* **Data provided**
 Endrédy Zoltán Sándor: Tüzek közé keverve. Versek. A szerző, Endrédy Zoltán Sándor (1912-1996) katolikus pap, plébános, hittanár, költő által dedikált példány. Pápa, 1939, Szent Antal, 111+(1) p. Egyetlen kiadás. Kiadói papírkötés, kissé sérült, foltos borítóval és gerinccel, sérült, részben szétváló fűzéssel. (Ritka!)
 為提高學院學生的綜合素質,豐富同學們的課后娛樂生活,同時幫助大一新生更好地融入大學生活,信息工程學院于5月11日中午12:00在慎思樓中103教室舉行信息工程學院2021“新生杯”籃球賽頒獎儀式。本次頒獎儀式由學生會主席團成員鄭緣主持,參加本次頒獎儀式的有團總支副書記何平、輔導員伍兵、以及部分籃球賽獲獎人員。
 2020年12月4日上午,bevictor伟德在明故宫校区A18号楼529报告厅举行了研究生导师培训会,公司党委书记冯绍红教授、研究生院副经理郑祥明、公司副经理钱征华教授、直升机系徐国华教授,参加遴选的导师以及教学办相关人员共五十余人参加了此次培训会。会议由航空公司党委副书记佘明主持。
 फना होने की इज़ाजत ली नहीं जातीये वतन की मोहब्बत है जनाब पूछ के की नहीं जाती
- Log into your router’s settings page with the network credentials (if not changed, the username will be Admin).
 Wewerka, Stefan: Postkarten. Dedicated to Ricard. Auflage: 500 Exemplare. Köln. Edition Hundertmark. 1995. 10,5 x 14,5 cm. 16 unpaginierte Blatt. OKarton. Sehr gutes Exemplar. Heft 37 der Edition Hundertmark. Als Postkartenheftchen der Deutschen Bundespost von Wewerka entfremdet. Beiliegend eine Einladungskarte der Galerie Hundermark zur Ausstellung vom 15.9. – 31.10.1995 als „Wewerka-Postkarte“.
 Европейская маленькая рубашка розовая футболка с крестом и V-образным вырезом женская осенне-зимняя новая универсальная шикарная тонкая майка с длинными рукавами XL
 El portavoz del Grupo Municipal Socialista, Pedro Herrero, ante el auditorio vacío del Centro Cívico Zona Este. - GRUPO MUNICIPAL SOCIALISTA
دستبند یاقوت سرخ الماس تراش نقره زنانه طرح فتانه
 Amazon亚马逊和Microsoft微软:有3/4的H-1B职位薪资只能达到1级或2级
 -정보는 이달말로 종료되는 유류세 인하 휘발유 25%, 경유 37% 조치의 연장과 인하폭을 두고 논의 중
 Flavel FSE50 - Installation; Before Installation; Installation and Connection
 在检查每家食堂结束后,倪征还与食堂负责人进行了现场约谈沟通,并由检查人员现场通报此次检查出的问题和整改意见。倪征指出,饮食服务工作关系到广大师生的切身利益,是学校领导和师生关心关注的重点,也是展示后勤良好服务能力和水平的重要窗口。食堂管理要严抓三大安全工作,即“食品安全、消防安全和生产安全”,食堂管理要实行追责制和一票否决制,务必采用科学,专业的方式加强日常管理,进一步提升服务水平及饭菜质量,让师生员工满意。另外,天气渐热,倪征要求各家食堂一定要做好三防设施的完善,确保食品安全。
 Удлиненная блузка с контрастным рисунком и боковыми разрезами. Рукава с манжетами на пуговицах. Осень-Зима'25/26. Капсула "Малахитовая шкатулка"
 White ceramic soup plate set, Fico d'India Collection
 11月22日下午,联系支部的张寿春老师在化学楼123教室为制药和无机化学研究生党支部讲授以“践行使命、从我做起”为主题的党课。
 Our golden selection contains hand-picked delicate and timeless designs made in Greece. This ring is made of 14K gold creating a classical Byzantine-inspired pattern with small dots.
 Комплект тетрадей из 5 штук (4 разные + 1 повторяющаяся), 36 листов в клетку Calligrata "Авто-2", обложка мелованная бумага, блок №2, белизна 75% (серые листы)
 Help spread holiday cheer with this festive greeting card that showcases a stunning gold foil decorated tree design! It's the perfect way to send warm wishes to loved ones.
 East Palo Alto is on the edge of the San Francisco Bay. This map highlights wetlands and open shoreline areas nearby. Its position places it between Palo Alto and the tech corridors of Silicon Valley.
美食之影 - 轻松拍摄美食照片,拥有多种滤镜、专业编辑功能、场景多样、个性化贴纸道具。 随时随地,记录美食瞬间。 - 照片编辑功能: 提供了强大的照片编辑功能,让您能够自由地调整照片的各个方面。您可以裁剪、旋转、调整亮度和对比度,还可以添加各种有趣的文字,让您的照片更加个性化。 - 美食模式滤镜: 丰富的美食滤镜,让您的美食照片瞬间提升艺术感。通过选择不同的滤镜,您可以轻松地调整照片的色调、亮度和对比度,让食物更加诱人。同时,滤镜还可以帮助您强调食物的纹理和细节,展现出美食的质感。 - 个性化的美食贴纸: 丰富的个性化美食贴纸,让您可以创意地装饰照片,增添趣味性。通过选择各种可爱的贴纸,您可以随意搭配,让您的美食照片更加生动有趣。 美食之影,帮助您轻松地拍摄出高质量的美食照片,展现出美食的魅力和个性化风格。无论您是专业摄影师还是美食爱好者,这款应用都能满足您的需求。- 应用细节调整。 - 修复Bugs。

* **Assigned task**
Lines from the first one above through the line containing "- Log into your" are to be retyped exactly, both included, and nothing more.

* **Exercise response**
 Endrédy Zoltán Sándor: Tüzek közé keverve. Versek. A szerző, Endrédy Zoltán Sándor (1912-1996) katolikus pap, plébános, hittanár, költő által dedikált példány. Pápa, 1939, Szent Antal, 111+(1) p. Egyetlen kiadás. Kiadói papírkötés, kissé sérült, foltos borítóval és gerinccel, sérült, részben szétváló fűzéssel. (Ritka!)
 為提高學院學生的綜合素質,豐富同學們的課后娛樂生活,同時幫助大一新生更好地融入大學生活,信息工程學院于5月11日中午12:00在慎思樓中103教室舉行信息工程學院2021“新生杯”籃球賽頒獎儀式。本次頒獎儀式由學生會主席團成員鄭緣主持,參加本次頒獎儀式的有團總支副書記何平、輔導員伍兵、以及部分籃球賽獲獎人員。
 2020年12月4日上午,bevictor伟德在明故宫校区A18号楼529报告厅举行了研究生导师培训会,公司党委书记冯绍红教授、研究生院副经理郑祥明、公司副经理钱征华教授、直升机系徐国华教授,参加遴选的导师以及教学办相关人员共五十余人参加了此次培训会。会议由航空公司党委副书记佘明主持。
 फना होने की इज़ाजत ली नहीं जातीये वतन की मोहब्बत है जनाब पूछ के की नहीं जाती
- Log into your router’s settings page with the network credentials (if not changed, the username will be Admin).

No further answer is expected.